5K views 20 replies 6 participants last post by  Jim L 
#1 · (Edited)
Ok so some back story first I have repaired dozens of car air conditioners with fantastic results and I find myself working on a/c in class 8 trucks almost weekly at work, so I am no A/C novice. The problem is this stupid pickup of mine has me stumped! So in the nearly 7 years since I purchased the pickup and redid the a/c I have had a couple of bad expansion valves that caused poor performance. Ok that was no issue to fix, a new X valve and dryer got me back in business. The last time I had to swap the X valve I sprung for a genuine Mopar/Denso valve PN#55036079AF thinking cheap parts store junk was my issue with Xvalves going bad and all was working well (as in 38* vent temps).
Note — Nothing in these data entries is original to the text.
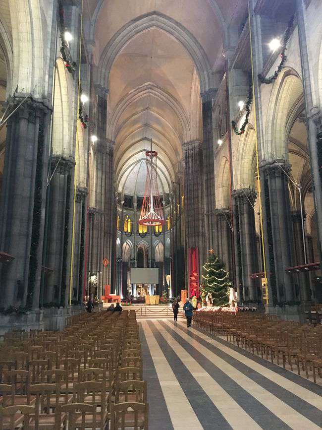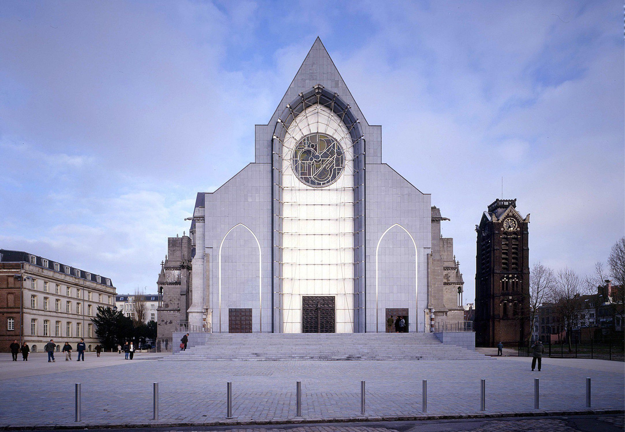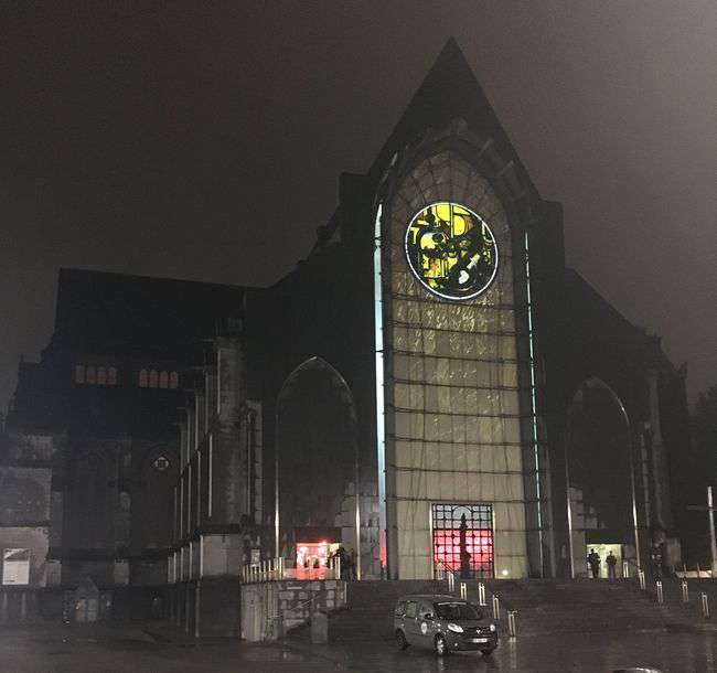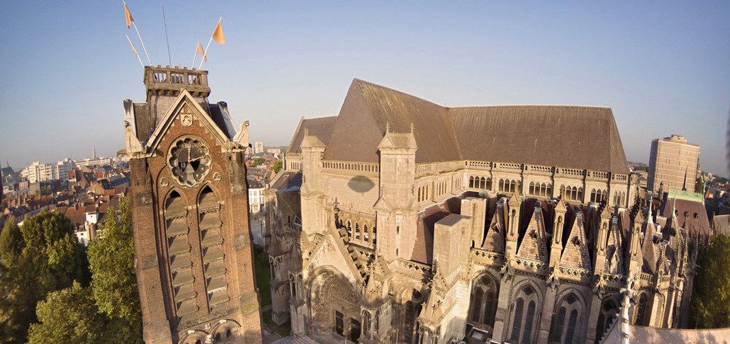 Fast forward another 150 years: the new church is finally completed just before the new millenium (the 19 December, 1999). And it isn’t even a simple church anymore! In 1913, the unfinished Notre-Dame-de-la-Treille became a cathedral–seat of the newly formed diocese of Lille (in 2008 it become the seat of an archdiocese, and in 2009, a national historical monument). Due to its gradual construction over two centuries, the architecture is haphazard and shifts from neogothic stone to downright modern steel & concrete as you move from East to West. The original design for a western façade included two large towers, but since this was scrapped somewhere along the road, a hastily constructed «campanile» (free standing bell tower) from 1870 is still housing some donated bells just south of the Cathedral.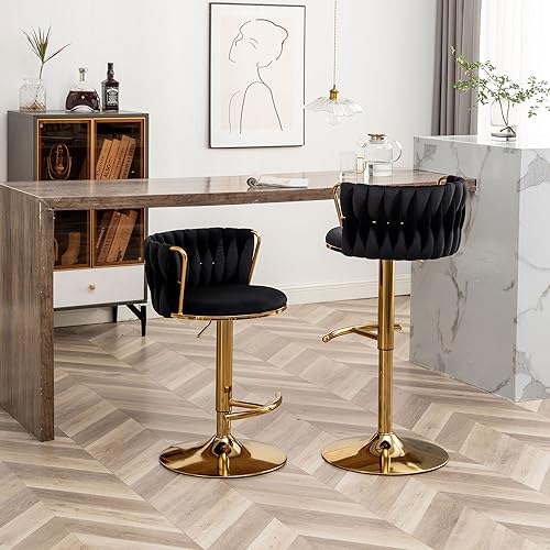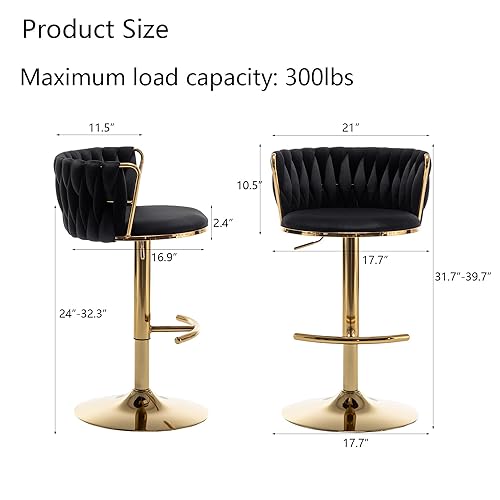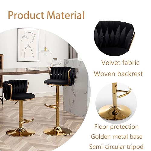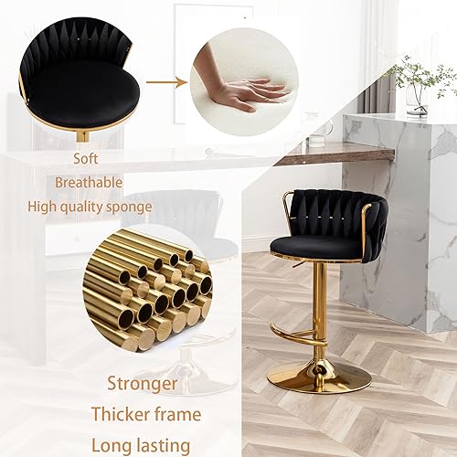 Specification: Velvet Bar Stools Set of 3, Counter Height Bar Chairs with Low Back, Gold Swivel Bar Stools for Kitchen Island, Pub (Black)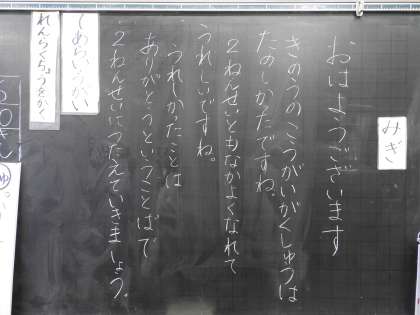 おはようございます。  本当にあっという間の一週間でしたね。 毎日、鶴二小のホームページにお付き合いくださり誠にありがとうございます。 最近、授業風景の更新が少ないのは、子どもたちが「硬筆」に集中している時間があったり、お客様や出張が重なっていたりしたからです。 私はいたって健康ですのでご安心ください。 出張で校長室をあけると、帰校後に、子どもたちが「校長先生大丈夫?」と校長室をのぞきこんでくれます。 あ鶴二小名物「元気でさわやかなあいさつ」と「真心こめて感謝のありがとう」。子どもたちと共に私も大切にしていきます。 本と音楽とおいしい飲み物でほっこり時間を。 いってらっしゃい。 カフェに飾ってあるような生徒の作品に癒されます。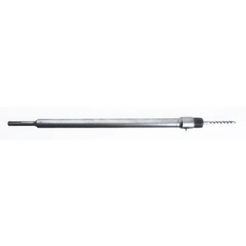 Хвостовик SDS Plus используется совместно с буровой коронкой и центрирующим сверлом для их надёжной фиксации при сверлении перфоратором.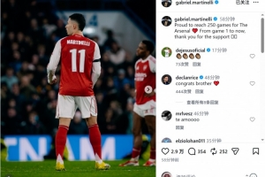 此役马丁内利替补出场,达成阿森纳生涯250场里程碑,赛后他在社交媒体上写道:“很自豪为阿森纳出战250场比赛,感谢大家从第一场到现在的支持。”
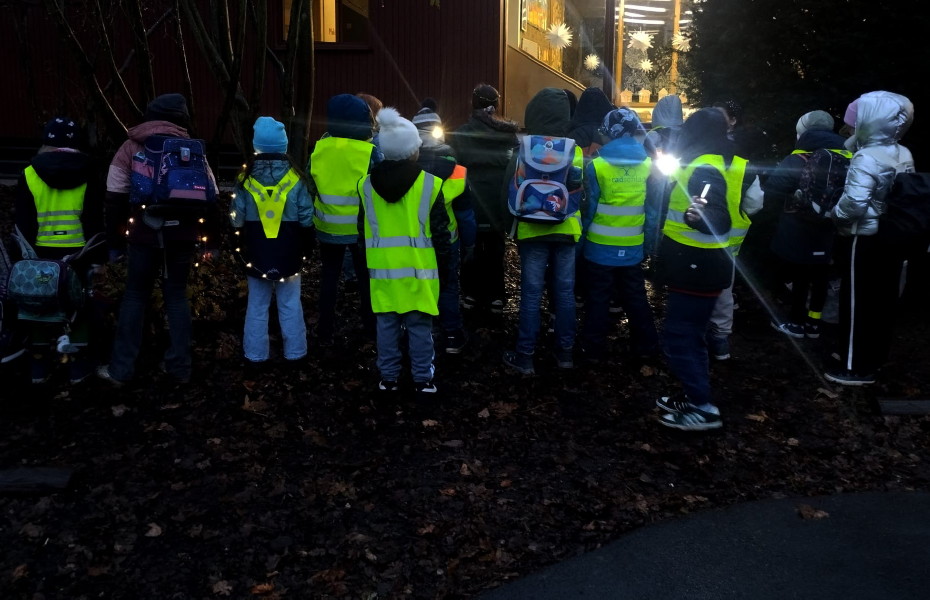 Sichtbarkeit im Straßenverkehr! Zum Glühwürmchentag am 02.12.2025 verwandelten sich die Kinder unserer Schule in leuchtende "Glühwürmchen"

Well not now! Lately my A/C will freeze you to death idling or driving through town but on the highway the compressor cycles alot. So back to the gauges for diagnostics I went. At idle in 95*-100* ambient temps with 134A and the sight glass clear I was seeing 225-250psi high side and 22psi on the low side. So I did what any rational Mechanic would do and wasted a bunch of refrigerant trying to adjust the charge level thinking I had a leak. Well in my futile effort I found I could add freon to it to the point of the high side pushing 400psi and the low side would stay at 22psi and with the slightest rev of the engine the low side would dip into the low teens and cycle the compressor off. So in my baffled state once again I did what any competent mechanic would do and threw another brand new genuine Mopar Xvalve at it. Yea no change... So I am baffled, I cant find any apparent blockage in the system, It's obvious the compressor will make pressure, At idle or in town the A/C blows super cold, fan clutch is good,and the evaporator is squeaky clean. No matter what I do the low side sets at 22psi at idle and quickly drops with added RPM. So short of tearing the whole thing apart, flushing and installing a new compressor, condenser, dryer, Xvalve and just starting over I dont know. So what say? Anybody want to ponder this mystery with me? Or better yet give me a simple cheap fix that will make me feel stupid for not already knowing...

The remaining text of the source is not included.